Saturday, August 25, 2007

Configurable deployment of deployable configuration

Doing automated builds you will inevitably encounter a problem deploying an application to different environments. You can only avoid it in the case if you live in the happy world of single box, but then you most likely do not bother with continuous integration in the first place. The worst of deployment configuration is unleashed during the "death race", when all those nasty wrong configuration bugs are discovered during the client presentation.

If application is built the smart way, all environment-specific details are encapsulated. In case with ASP.NET application it is most likely the web.config file. It is no doubt that the solution is to handle a deployment task to the automated script. Aside from technical details, the trick is to have some kind of configuration template in one hand and environment-dependable variables in the other and smelt them together when time comes, rather automatically than manually. What are our choices to settle the shit configuration once and live happily ever after?

The easiest way seems to have multiple instances of the configuration file, so the relevant one is pulled to the deployment environment. There is a huge disadvantage, though, as you will become a victim of the main copy-paste curse - synchronization problem. It will quickly go out of hands if you have more than one project and more than two developers to worry about. Changes have to be tracked and reproduced scrupulously - that defeats the whole idea of laziness.

Another, a little bit exotic, but viable method, is to create a single config file with placeholders inside:

<add name="MainConnectionString" connectionString="[[MainConnectionString]]" providerName="System.Data.SqlClient" />

Then the deployment heavily relies on the build script, which will hold all necessary variables for different environments. The disadvantage is that the raw web-config file is unusable and you can not run the application without deploying it properly (even to the local environment) or tweaking the project build events to run it from the Visual Studio. On the bright site, the configuration lays in the hands of the Jedi build master and the real production settings are hidden from the rest of the team (attention, Sarbanes-Oxley-compliant companies!).


The third choice is to create a custom configuration section which will be controlled by a single key, changeable by the build script. It maybe a full-scale class or something more lightweight. The first approach will give you all flexibility you may need, but would require some kind of common library if you have multiple projects. Second approach, would require developers to learn the new way of retrieving configuration values.


Whatever way we choose, we should keep in mind: it is the laziest way that will be favored by your fellow developers. If we will be able to access the configuration through the ConfigurationManager class (which is 100% customary) and to create relevant configuration sections just slightly different from what we used to (let's say - 80% customary) - it will be the preferred combination. Finally, developers spend more time using the configuration, than creating or changing it.

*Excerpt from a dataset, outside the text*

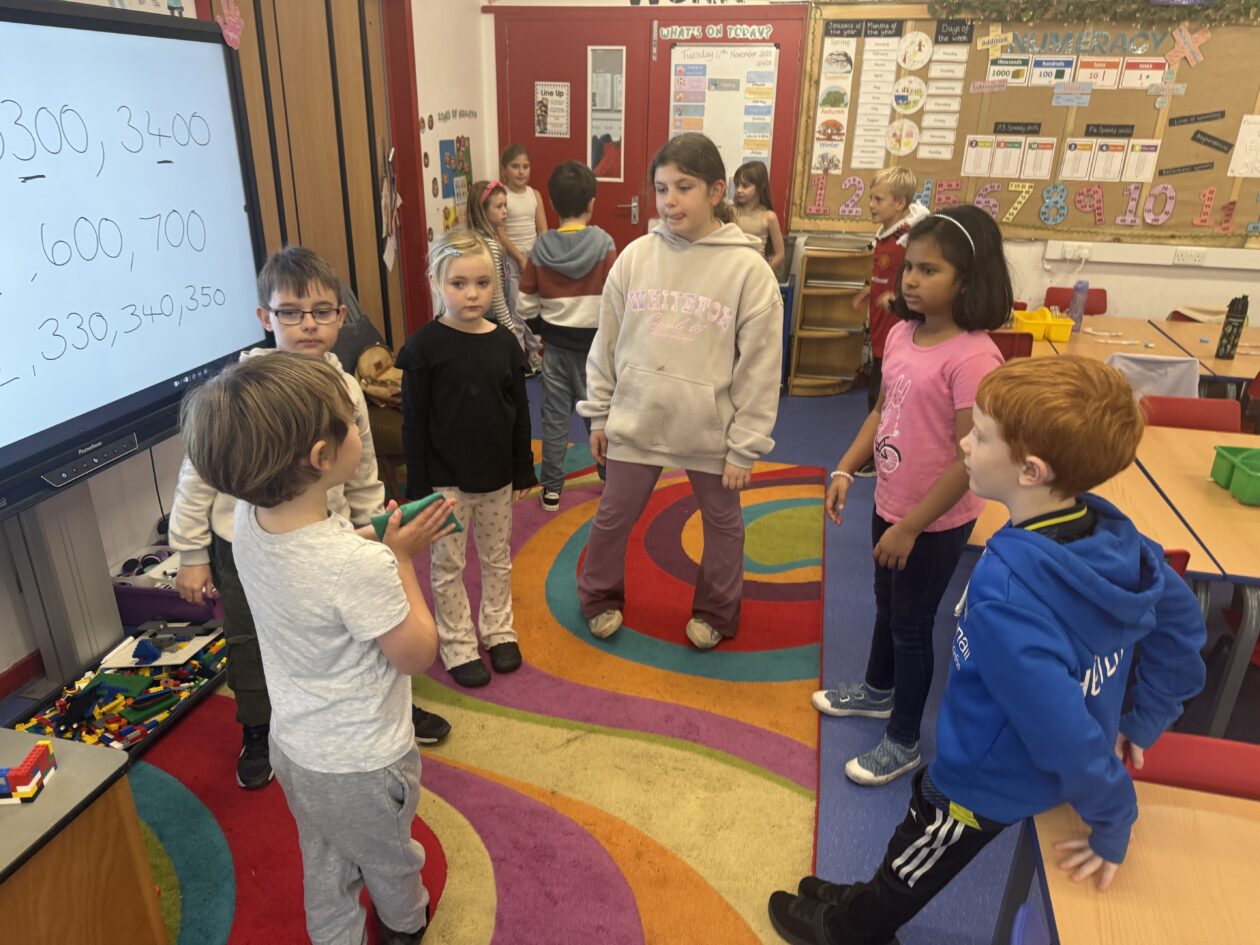 In maths, our focus this week was rounding to the nearest 10 , 100 and 1000. We began with clear teaching input, giving the children time to practise and explain their thinking.

I would love to hear about the other ways to automate configuration deployment.


UPDATED: Another approach is to have most environment-dependable sections (e.g. connectionsStrings and appSettings) "outsourced" to the satellite files grouped by environment, using "file" attribute:

<appSettings file="config\production\connectionStrings.config" />

The build script is sent over the web.config file and depending on a parameter it just replaces the middle part of URI - from "production" to "bat" or "dev". It is a relatively small amount of automatic changes and deployment error is visible right away. This approach we are using now and it seems to work well. At least we can be sure that once we perfected the web.config, it is unlikely that somebody will mess it up with environment changes, which are encapsulated and independent from each other. The production settings can be SOX-friendly isolated and hidden. The downside - the good'ol synchronization problem.

2 comments:

Unknown said...

We learned our lesson the hard way, going through the pain of versioning multiple configuration files, just as you described. (Funny, I didn't get a lot of push back from the team when I originally suggested that inane process...)

But from that pain, we got to our current solution, which I'm sure is not new at all: use a single configuration file. As you said, placeholders have problems, since they need to be processed for the local environment before they work. So we just don't use placeholders.

Instead, the configuration file has all the correct parameters for the local box. The environment parameters on the other hand, are - somewhat unfortunately - in XML comments (I say unfortunately, because I think that processing instructions would be the correct implementation in the XML world, but PIs get flagged as errors in the web.config).

To do an environment-specific build, we execute the build script (or our build engine executes it for us) with a parameter indicating the environment we want. Our build script simply detects the comments and strips out anything that doesn't belong to the environment requested.

Michael Goldobin said...

Right, that's another way to consider - use the same configuration file as a storage of an alternative configurations. May grow a little bit messy, but it is more compact solution, than managing multiple files. The only downside I see is that developers have to change main web.config file for different environments, thus - they have to have access to it.